Governments, in particular [China](https://www.zdnet.com/article/china-is-now-blocking-all-encrypted-https-traffic-using-tls-1-3-and-esni/) and [Russia](https://www.zdnet.com/article/russia-wants-to-ban-the-use-of-secure-protocols-such-as-tls-1-3-doh-dot-esni/), have either already [started blocking](https://en.wikipedia.org/wiki/Server_Name_Indication#Encrypted_Client_Hello) it or expressed a desire to do so. Recently, Russia has [started blocking foreign websites](https://github.com/net4people/bbs/issues/108) that use the [HTTP/3](https://en.wikipedia.org/wiki/HTTP/3) standard. This is because the [QUIC](https://en.wikipedia.org/wiki/QUIC) protocol that is a part of HTTP/3 requires that `ClientHello` also be encrypted.
### OCSP(온라인 인증서 상태 프로토콜)
Another way your browser can disclose your browsing activities is with the [Online Certificate Status Protocol](https://en.wikipedia.org/wiki/Online_Certificate_Status_Protocol). When visiting an HTTPS website, the browser might check to see if the website's [certificate](https://en.wikipedia.org/wiki/Public_key_certificate) has been revoked. This is generally done through the HTTP protocol, meaning it is **not** encrypted.
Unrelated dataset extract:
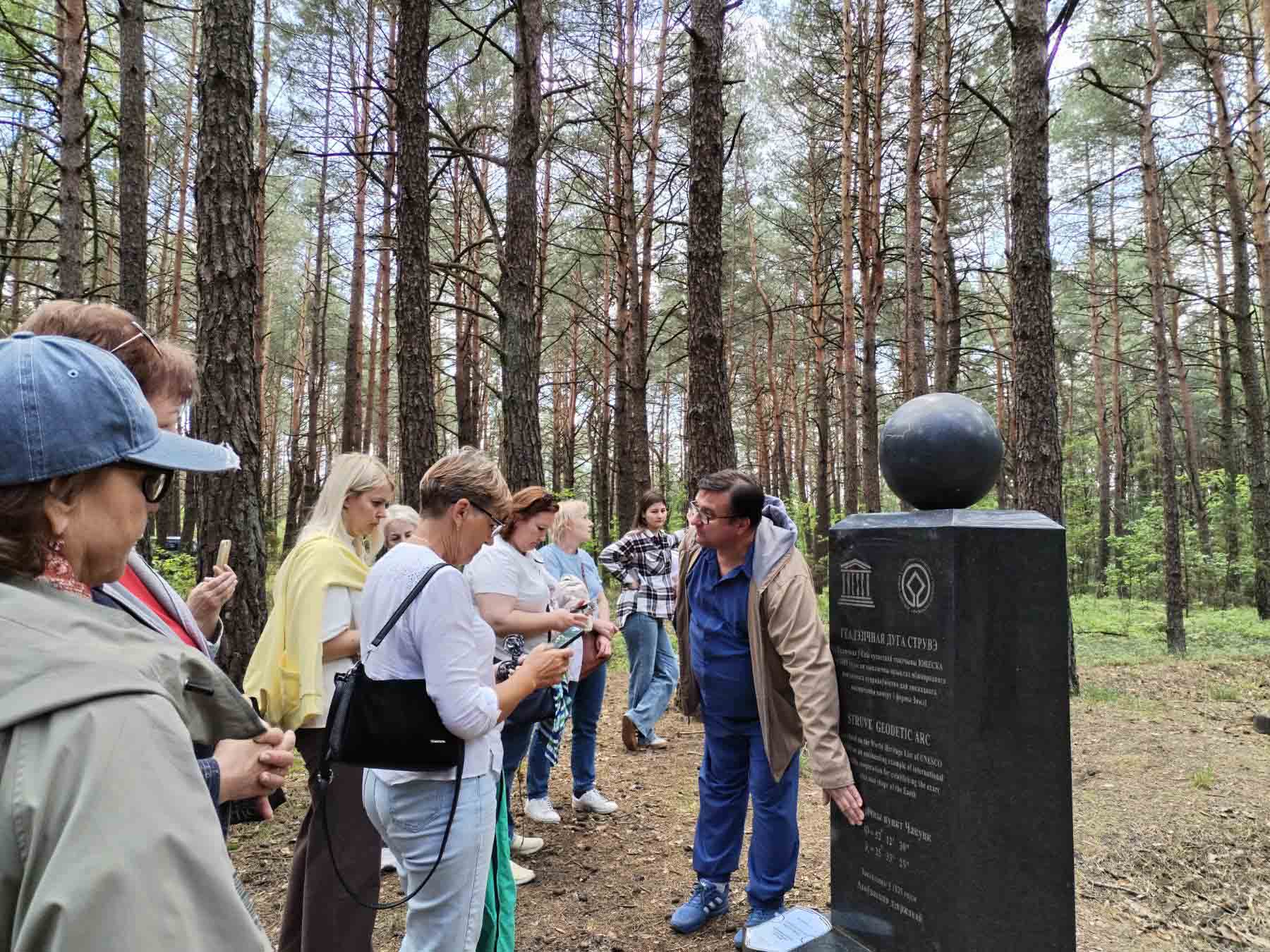 Далее маршрут пролегал по живописной лесной тропе в Щекотске, ведущей к геодезическому пункту Дуги Струве – объекту Всемирного наследия ЮНЕСКО и символу научного прогресса XIX века.

The OCSP request contains the certificate "[serial number](https://en.wikipedia.org/wiki/Public_key_certificate#Common_fields)", which is unique. It is sent to the "OCSP responder" in order to check its status.
We can simulate what a browser would do using the [`openssl`](https://en.wikipedia.org/wiki/OpenSSL) command.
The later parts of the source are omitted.